But in any case you can't rely on the order of message ingress to your system to represent anything meaningful either? It would have to ensure that the key for defining order would have some hard logical ordering purpose for which time is not relevant or useful.
The order of message ingress can still be meaningful even if device clocks are skew or jump due to rebooting, reimaging, network time sync, frequency drift, etc.

A hard logical order arises from interactions. E.g. if the device receives a message, does something locally, goes through a clock change, and then sends a message dependent on one it fetched earlier, that's a logical order with out-of-order clock.

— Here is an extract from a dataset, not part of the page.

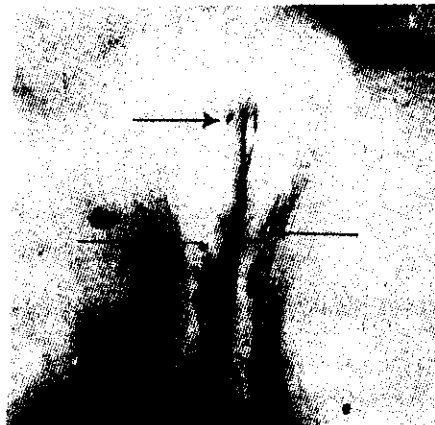
รูปที่ 12.2 รอยฟกช้ำ (ตรงจุดศร) พบที่อวัยวะสืบพันธุ์ภายนอกของเด็กหญิง ที่ถูกข่มขืนกระทำชำเรา แล้วถูกฆ่าตาย

Or if a device gets a message, processes, sends something to another device, that one processes too then sends another message back to the original source, there's a logical order but with three different clocks. Even if the clocks are synchronised, there will be some drift and the messages may be processed fast enough that the drift puts their timestamps out of order.

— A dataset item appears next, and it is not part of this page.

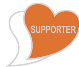
あいサポートバッジ

バッジのデザインは、障がいのある方を支える「心」を2つのハートを重ねることで表現しています。

every use case where you haven't proven it isn't.

human conscious thought is local and single-threaded. it takes a lot of experience and training to be able to intuitively reason about non-local multi-threaded computation. if you're smart and humble you can try to simplify the problem by making individual messages independent from each other by e.g. employing redundancy but you still have to be aware that it's even a problem to begin with.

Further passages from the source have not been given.